= PROBLEM TO WORK ON =
With pictures excluded, copy word for word the lines in the data below from the line containing "Those with specialty" through the line containing "PLAYFUL RUFFLE HEM".

= INFORMATION SHOWN =

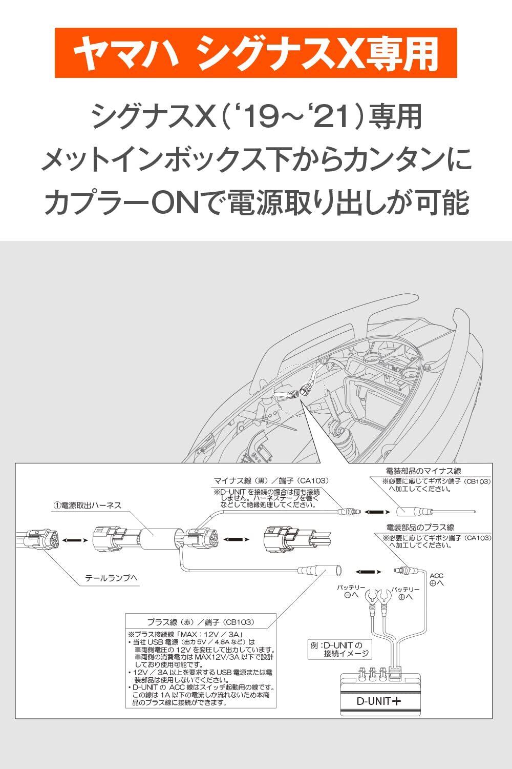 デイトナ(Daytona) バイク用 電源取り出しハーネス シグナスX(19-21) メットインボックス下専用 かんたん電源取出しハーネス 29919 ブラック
...
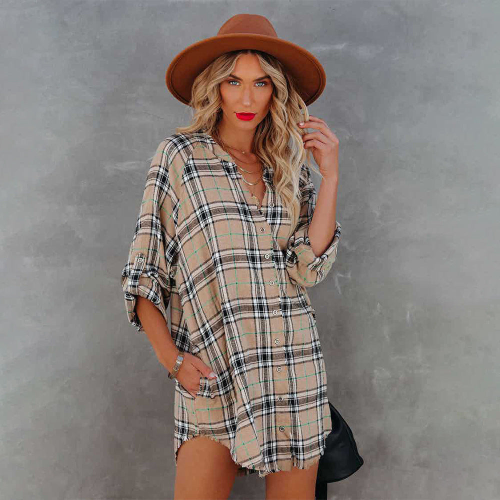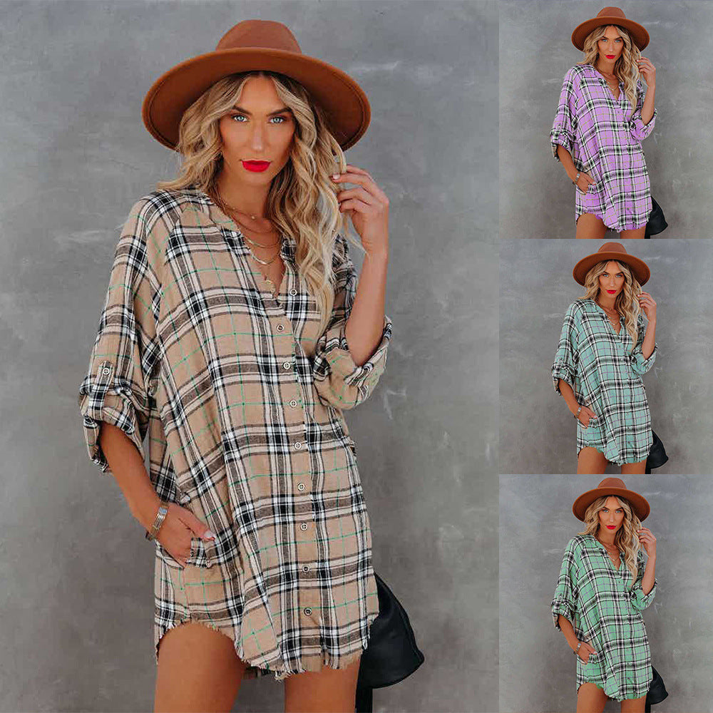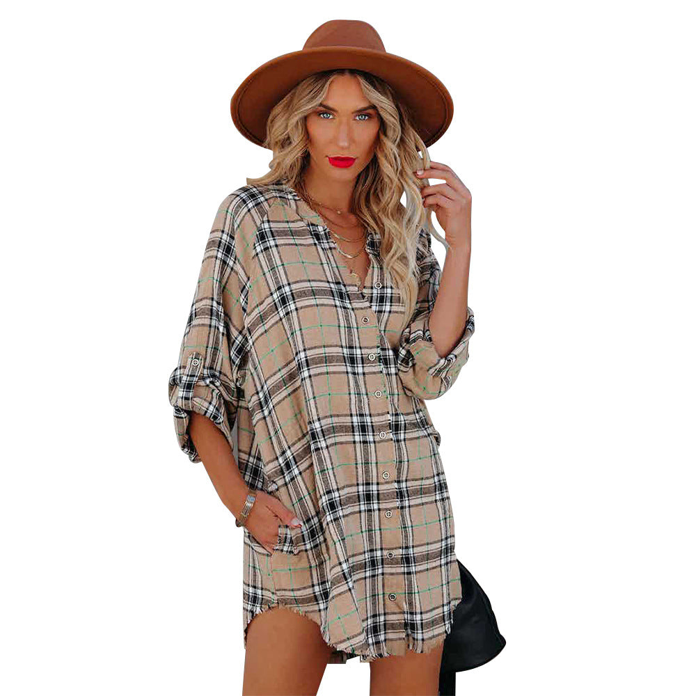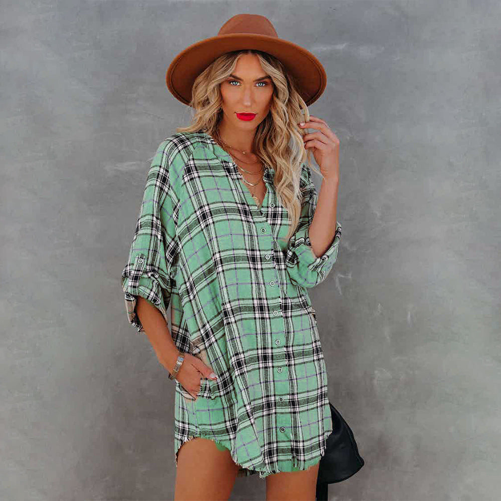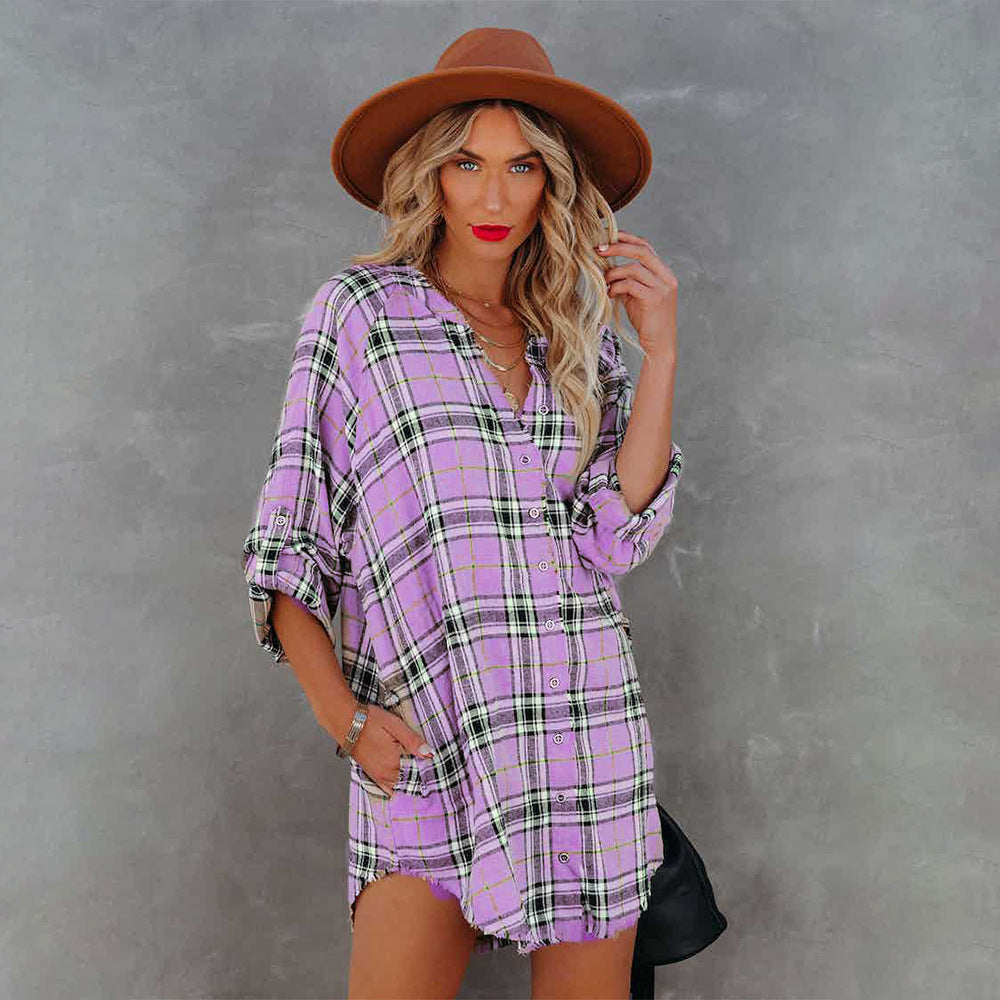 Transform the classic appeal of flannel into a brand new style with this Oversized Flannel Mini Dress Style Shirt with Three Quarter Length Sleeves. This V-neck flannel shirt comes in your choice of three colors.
* * *
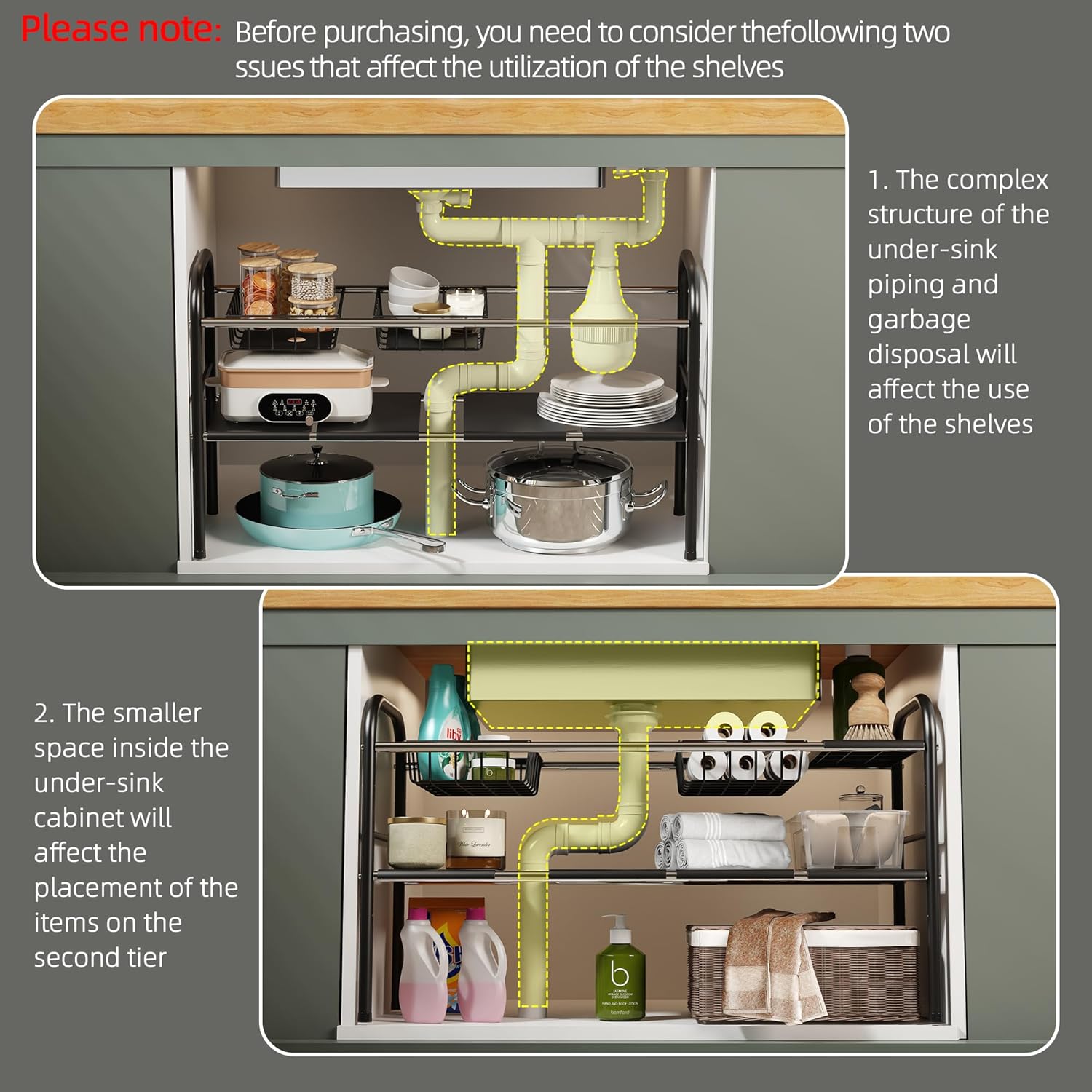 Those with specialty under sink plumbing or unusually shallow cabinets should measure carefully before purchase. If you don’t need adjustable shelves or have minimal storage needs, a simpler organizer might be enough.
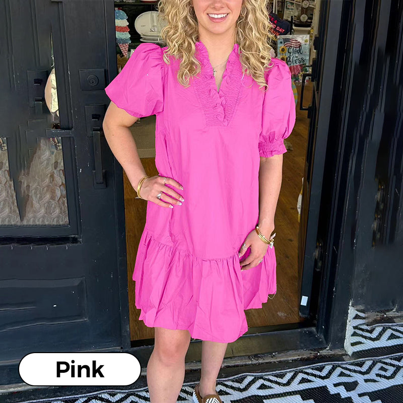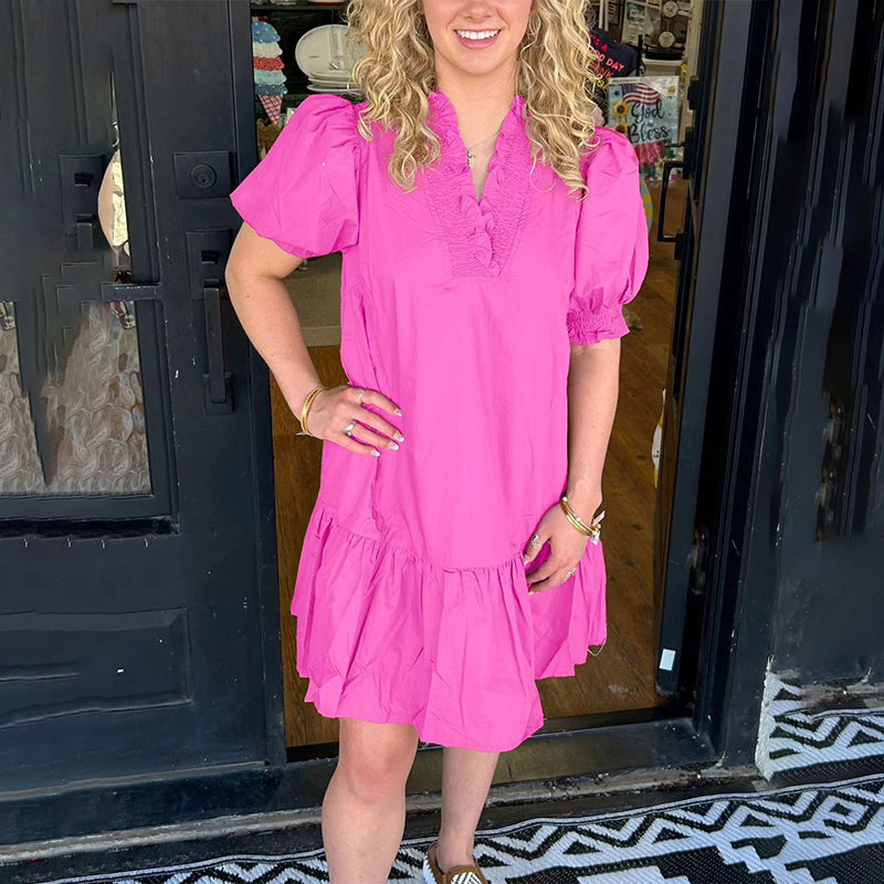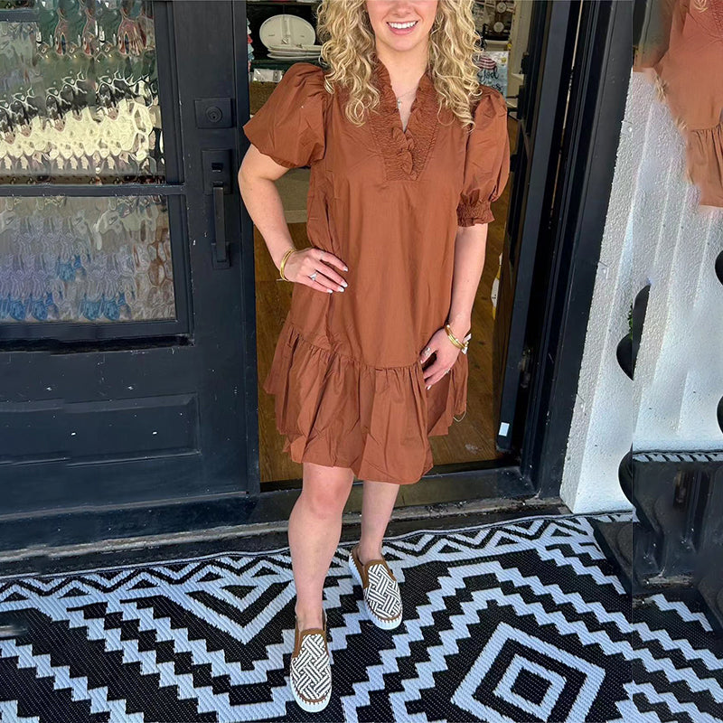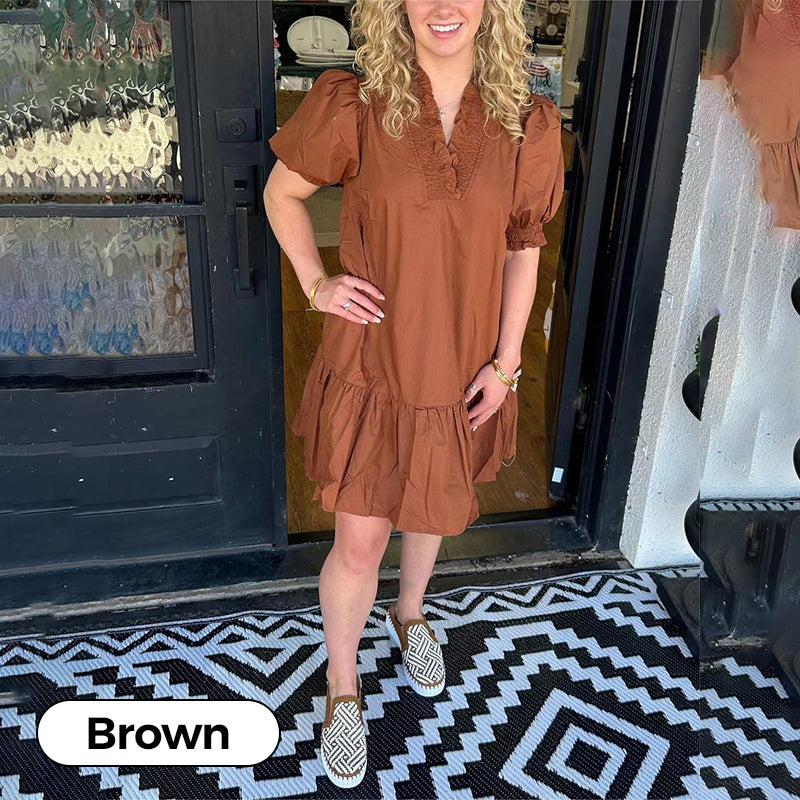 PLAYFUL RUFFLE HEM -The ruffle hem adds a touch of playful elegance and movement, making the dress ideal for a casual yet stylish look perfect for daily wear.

= YOUR RESPONSE =
 Those with specialty under sink plumbing or unusually shallow cabinets should measure carefully before purchase. If you don’t need adjustable shelves or have minimal storage needs, a simpler organizer might be enough.
 PLAYFUL RUFFLE HEM -The ruffle hem adds a touch of playful elegance and movement, making the dress ideal for a casual yet stylish look perfect for daily wear.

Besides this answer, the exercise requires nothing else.